Image source: Getty Images.

Why claiming Social Security Disability benefits can be a better choice

Social Security Disability Insurance (SSDI) is another program you pay into, just like retirement benefits. It's an entitlement that's there to provide for you if you become unable to work due to a severe disabling condition. And you're able to claim it at any time until you've reached your full retirement age (FRA), which is between 66 and 67, depending on when you were born. 

To understand why that's important, you need to know that if you claim your retirement benefits before FRA, you're subject to an early filing penalty that reduces your standard benefit amount. This penalty could cost you as much as 6.7% per year if you claim retirement benefits up to three years early, and an additional 5% per year if you start your retirement benefits more than three years before FRA. 

If you claim Social Security disability instead of retirement benefits when you're younger than your FRA, you won't face this penalty that permanently reduces your monthly income. Your SSDI benefits are based on your standard retirement amount, even if you're younger than full retirement age when you claim them. Then, when you hit your full retirement age, you can just switch over to retirement benefits and still continue to get your higher standard benefit. 

There's also another big advantage to opting for SSDI too. Normally, your standard benefit is calculated based on average earnings over the 35 years your earnings were the highest. If you're found to be disabled and you have years of no income or low income because of it, a disability freeze ensures those years won't count against you when average earnings are calculated. 

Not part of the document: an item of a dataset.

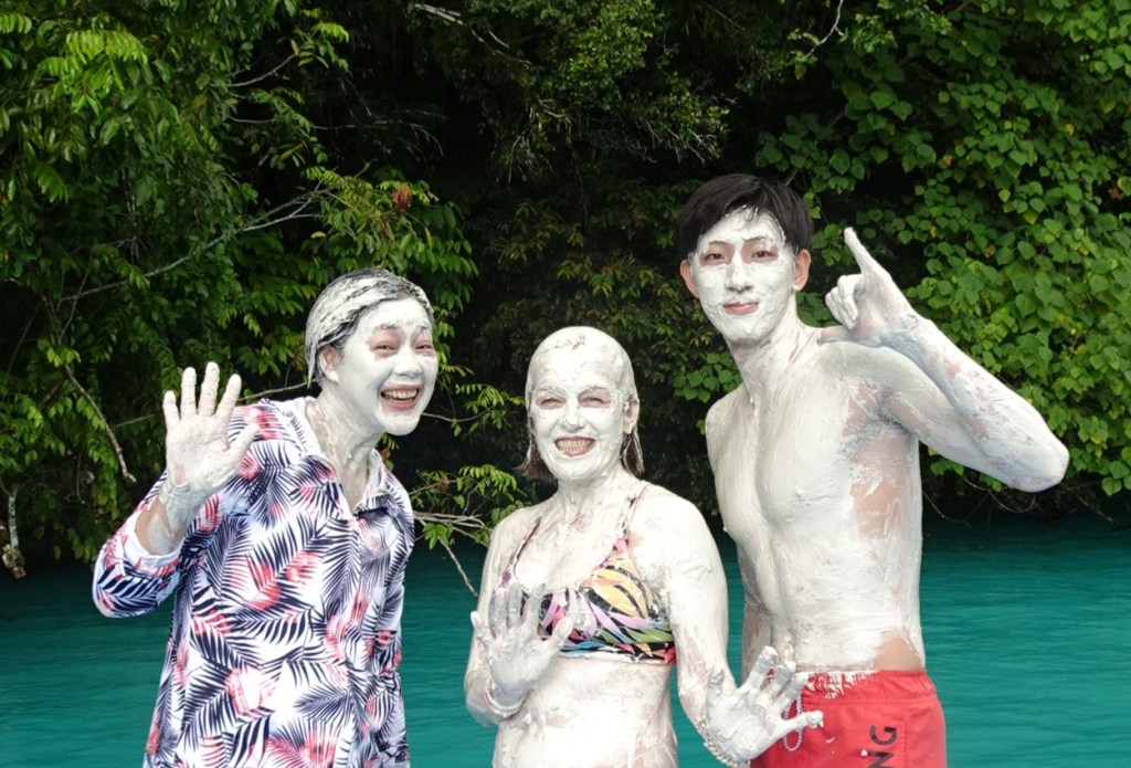 Of course, my trip wasn’t only about the post office. Palau’s nature is breathtaking, and the next day I joined a snorkeling tour in the Rock Islands Southern Lagoon. It rained that day, but it turned out to be a blessing: fewer boats, no risk of sunburn, and a peaceful ride. Our first stop was the famous Milky Way Lagoon, a dreamy stretch of turquoise water framed by lush green islands, where we covered ourselves with the local white clay, which is said to be good for the skin.

So, basically, by opting for SSDI instead of Social Security retirement, you don't get hit with early filing penalties and you could get a higher standard benefit, raising your Social Security income in two different ways. 

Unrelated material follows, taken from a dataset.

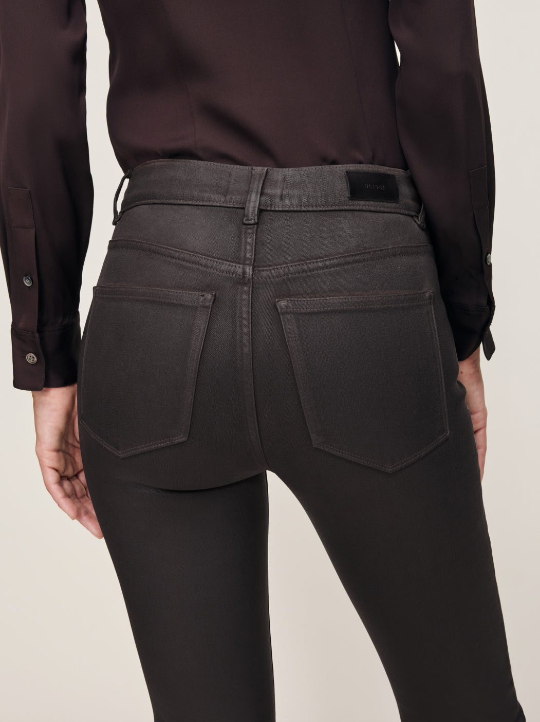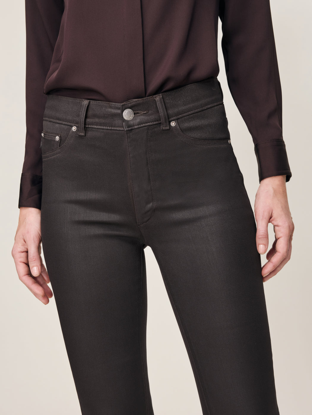 Introducing the Bridget Boot High Rise Instasculpt jeans from DL1961. These iconic jeans come in a sleek coated chocolate or black color, perfect for the fall season. With a flattering high rise fit, you'll feel confident and stylish every time you slip them on. Elevate your denim game with the Bridget Boot jeans.

Of course, you do need to qualify for SSDI, which can be challenging. Your disability has to be a long-term one, and it has to be serious enough to prevent you from working. The good news is, while many applications for disability are denied, it can be easier to qualify for these benefits as an older person than when you're younger. 

Don't claim your retirement benefits until you're sure 

Don't let your health issues prompt you to make a decision you'll regret when it comes to claiming Social Security retirement benefits. Take the time to explore whether filing for disability benefits instead could be a better financial move for the long term. If you're able to get a higher monthly income for the rest of your life, the extra effort involved in applying for SSDI will be well worth your time.